Utilities are split evenly among roommates.

It works, although I probably would have prefered to use something like the
system here were I to do it over. Things like "has a master bathroom so you
don't have to share with everyone else" tend to be worth more per square foot
than regular bedroom space.

------
rbcgerard
Found this fairly annoying - only because I went through this exercise
recently, and now all the research i did has been made redundant.

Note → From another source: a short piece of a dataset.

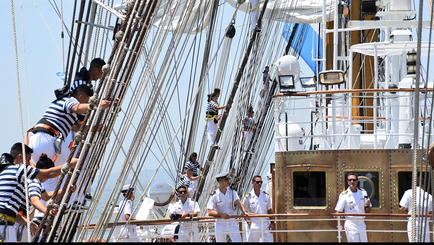 La tripulación de la fragata “Libertad” formó en la cubierta y los gavieros subieron a los palos. También se desplegaron velas con los colores de la bandera argentina y del país anfitrión, que se pudieron apreciar desde la ciudad.

I bought this book to help me out:

[http://www.amazon.com/Fair-Division-Cake-Cutting-Dispute-
Res...](http://www.amazon.com/Fair-Division-Cake-Cutting-Dispute-
Resolution/dp/0521556449/ref=sr_1_1?ie=UTF8&qid=1398781523&sr=8-1&keywords=fair+division)

It's a great book, though it didn't include exactly what i was looking for
regarding this subject. I emailed one of the authors and he kindly pointed me
in the direction of Sperner's Lemma:

[http://www.inet.tu-
berlin.de/fileadmin/fg234_tdc1-s11/FDS_SS...](http://www.inet.tu-
berlin.de/fileadmin/fg234_tdc1-s11/FDS_SS_2012/Script/Sperner-rental.pdf)

and I was able to find:

[http://www.math.hmc.edu/~su/fairdivision/calc/](http://www.math.hmc.edu/~su/fairdivision/calc/)

Which is the same sort of calculator...

Anyway same end result...though i highly recommend the book above if anyone is
interested in the subject.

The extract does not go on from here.